Memory loss is another obstacle to overcome but with time my memory is improving. I usually take a nap during my break in the working day, and that helps with fatigue. My employer and colleagues have been really helpful with facilitating my return to work, which is very important to me.

Hair loss

It came as quite a shock when the chemotherapy caused hair loss, although I thought I was prepared for it. I had long brown hair and a fringe when I was diagnosed, but I had worn my hair short in college so it was quite funny at a college reunion when people told me I hadn’t changed a bit. I was fitted for several wigs, but in the end I never bought one because my head was quite sensitive and I didn’t like the idea of covering it.

Even though I was expecting it, the moment when I grabbed my own hair was horrific and emotional, and I grieved my hair. Initially I struggled with the notion of the power of hair and identity. Once I lost the hair, though, I quite enjoyed the look of it and people telling me I’ve a nice shaped head . . . although my partner is bald too, so the sight of us walking down the road together like two boiled eggs was quite funny, I imagine.

Art therapy has been very beneficial to me. In 2013 and 2014 I attended Milford Care Centre, palliative daycare centre in Limerick that provided art therapy and offered a safe and private space in which I could practise art as part of a therapeutic journey, guided by an experienced art therapist. I found this experience most profound, healing and gentle.

I believe art therapy could be beneficial to many people, regardless of whether they consider themselves artists. I would highly recommend anyone dealing with cancer or a chronic illness to give it a try to help with personal understanding and healing.

To treat my ovarian cancer, I will be on chemotherapy once every three weeks until 2016. I need to start ticking those boxes and putting those sessions behind me. I get a lot of anxiety before the treatments so I am doing a mindfulness course, which is proving very therapeutic.

Ovacare patient day

I attended my first Ovacare patient day in Galway, which is a great way of meeting people with ovarian cancer. Ovacare is the community for ovarian cancer patients, medics, families and friends.

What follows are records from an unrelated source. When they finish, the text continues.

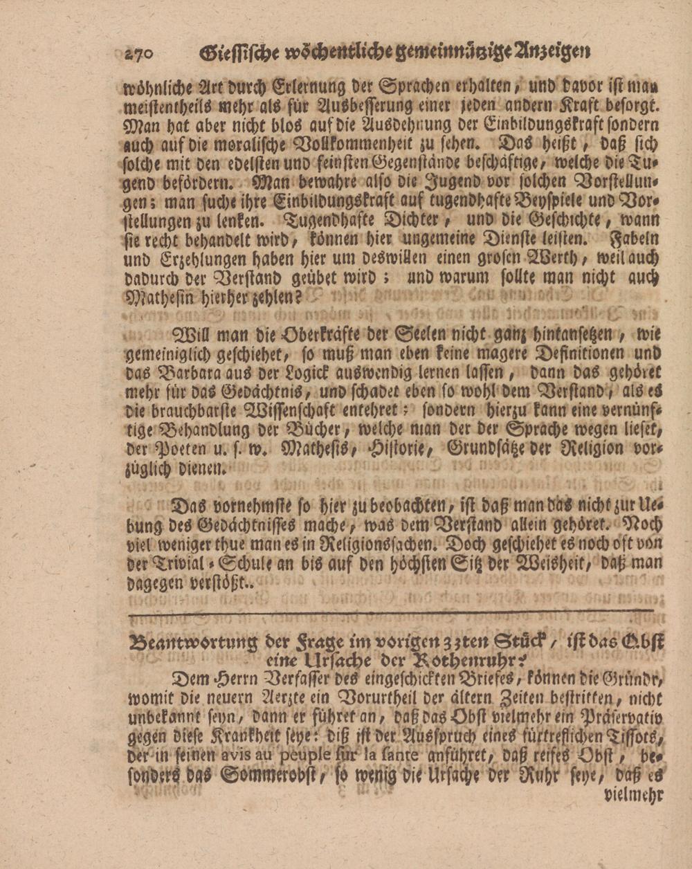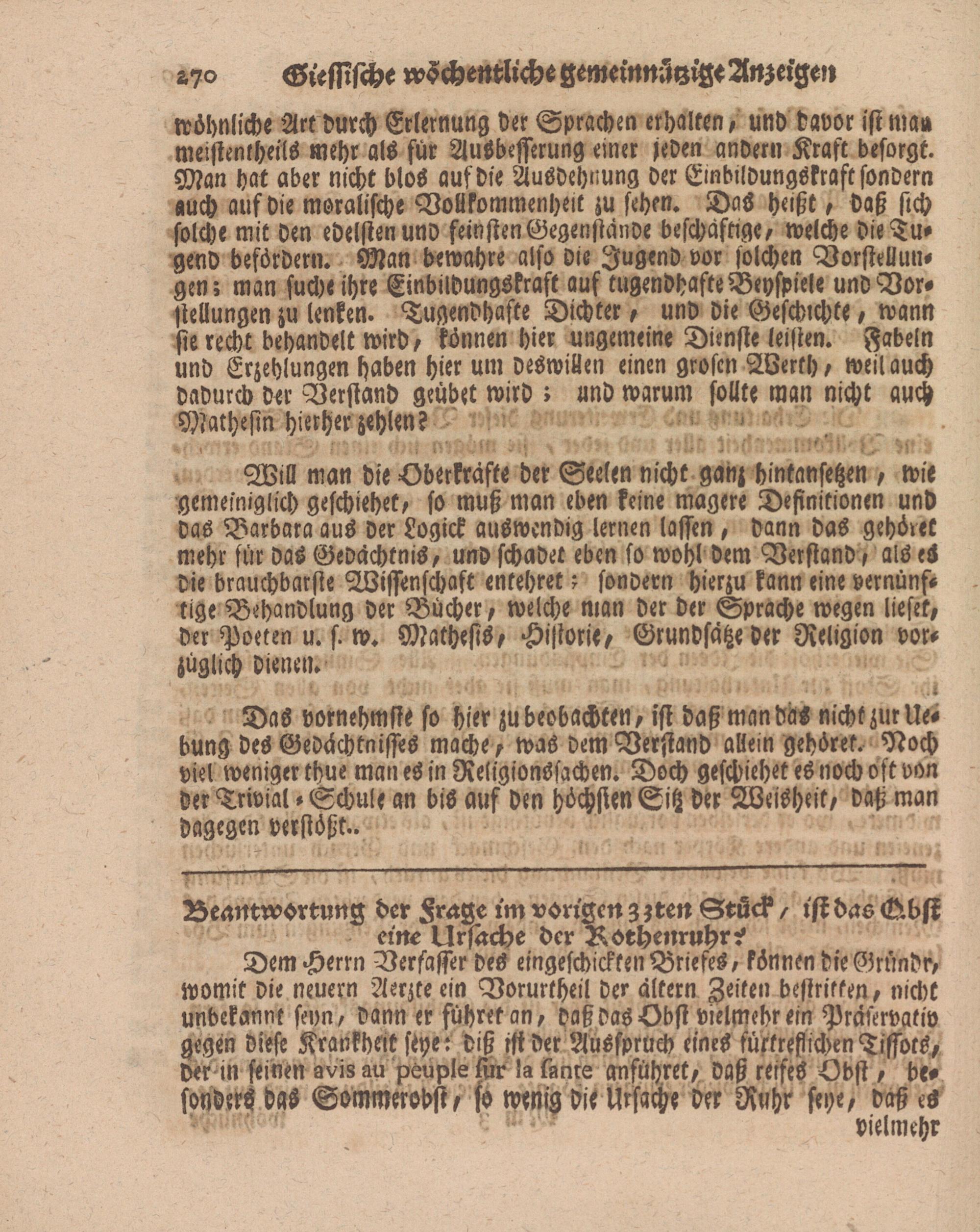 Dem Herrn Verfasser des eingeschickten Briefes, können die Gründe, womit die neuern Aerzte ein Vorurtheil der altern Zeiten bestritten, nicht unbekannt sevn, dann er führet an, daß das Obst vielmehr ein Präservativ gegen diese Krankheit ftye: diß ist der Ausspruch eines fürtrefiichen Tissots, der in seinen avis au peuple sirr la fanre anführet, daß reifes Obst , besonders das Sommerobst, so wenig die Ursache der Ruhr seye, daß es vielmehr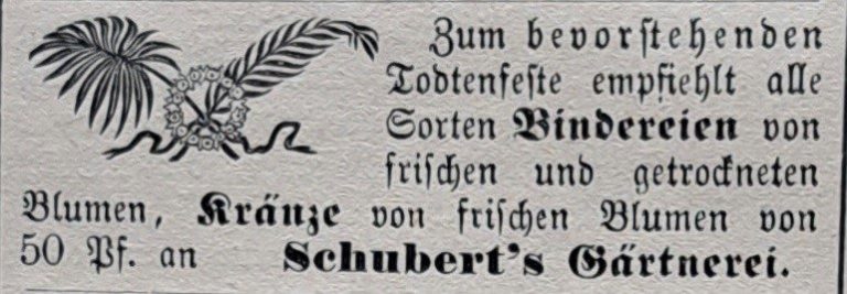 Wer es sich leisten konnte, ließ für seine Verstorbenen eine Trauerannonce sowie eine Danksagung im Muskauer Anzeiger veröffentlichen. Der Handelsgärtner August Schubert versorgte die Stadt nicht nur mit Pflanzen, Obst und Gemüse, sondern fertigte sowohl frischen als auch getrockneten Trauerschmuck an. Das besondere Angebot der Gärtnerei zum Totensonntag beinhaltete gebundene Kränze, Bouquets, Kronen, Anker, Kreuze sowie Palmenzweige.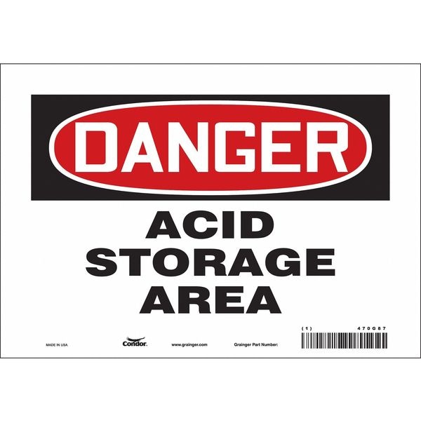Safety Sign, Vertical Rectangle, Number of Printed Sides 1, English, Sign Format Traditional OSHA, Sign Legend Acid Storage Area, Sign Legend Background Color White, Sign Legend Style Text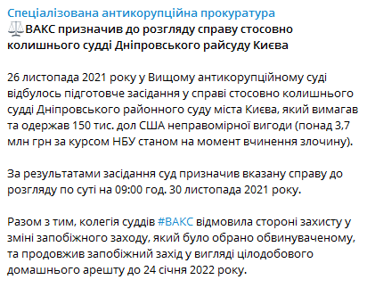 Сообщается, что коллегия судей ВАКС отказала стороне защиты в изменении меры пресечения, которая была избрана обвиняемому, и продлила меру пресечения в виде круглосуточного домашнего ареста до 24 января 2022 года.
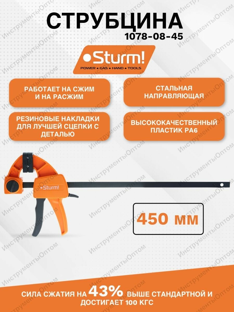 Купить Струбцина быстрозажимная Sturm! 1078-08-45, 450мм, резиновые накладки, 70-100кгс, сжим-разжим 1078-0 .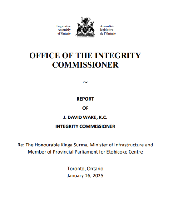 Report of the Honourable J. David Wake, Integrity Commissioner Re: The Honourable Kinga Surma, Minister of Infrastructure and Member of Provincial Parliament for Etobicoke Centre

I was chosen to talk about my illness and art at the most recent Ovacare patient day in Cork on April 11th. I tailored the talk to give an overview of my cancer journey and how I used art to express my experience. I also gave an assignment to the audience to make a small piece of meaningful and personal art using art materials that I provided. The end results were exhibited alongside my own work at the venue.

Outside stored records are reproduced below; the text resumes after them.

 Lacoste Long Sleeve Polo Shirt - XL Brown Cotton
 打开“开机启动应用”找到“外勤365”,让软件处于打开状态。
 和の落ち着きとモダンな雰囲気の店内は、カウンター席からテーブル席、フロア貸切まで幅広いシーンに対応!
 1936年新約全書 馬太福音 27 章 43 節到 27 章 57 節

In March 2013, prior to my diagnosis, I attended an art exhibition entitled Living Loss: The Experience of Illness in Art, curated by Fiona Kearney, in the Glucksman Gallery at University College Cork with my visual art education students.

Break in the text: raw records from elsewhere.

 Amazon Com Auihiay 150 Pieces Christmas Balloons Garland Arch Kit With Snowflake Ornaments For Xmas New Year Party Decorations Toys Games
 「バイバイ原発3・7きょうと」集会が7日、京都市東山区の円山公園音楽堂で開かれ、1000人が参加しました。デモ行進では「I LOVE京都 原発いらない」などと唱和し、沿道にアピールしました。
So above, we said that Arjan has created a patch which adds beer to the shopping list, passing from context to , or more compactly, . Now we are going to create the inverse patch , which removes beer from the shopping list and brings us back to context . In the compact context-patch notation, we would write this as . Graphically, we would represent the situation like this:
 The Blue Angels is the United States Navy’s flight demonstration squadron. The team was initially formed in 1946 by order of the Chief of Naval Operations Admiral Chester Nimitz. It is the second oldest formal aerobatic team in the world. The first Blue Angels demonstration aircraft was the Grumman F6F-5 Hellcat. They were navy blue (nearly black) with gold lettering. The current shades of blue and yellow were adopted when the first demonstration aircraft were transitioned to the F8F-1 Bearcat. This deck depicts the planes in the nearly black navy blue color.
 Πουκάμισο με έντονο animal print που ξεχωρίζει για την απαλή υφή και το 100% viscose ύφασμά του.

This exhibition featured work by artists such as Jo Spence, Damian Hirst and Cecily Brennan whose work confronts the reality of illness in people’s lives and showcases the phenomenon of illness from a number of different and difficult viewpoints including coping with illness and the body’s impact due to illness.

The exhibition had a profound effect on me and demonstrated the power and capacity of visual art to portray the complexity of the issues which are most salient to the human condition, in particular illness, dying and decay.

As a practising visual artist I am creating a body of work entitled Whisper, which deals specifically with my illness and its effects.

My art helps me to release a lot of emotions, including anger and frustration. I have already begun to exhibit my work in public spaces and in medical environments to help facilitate a discourse about illness. A cancer diagnosis can be a difficult topic for people to talk about. I’m not going to shout about it, but I refuse to whisper about it.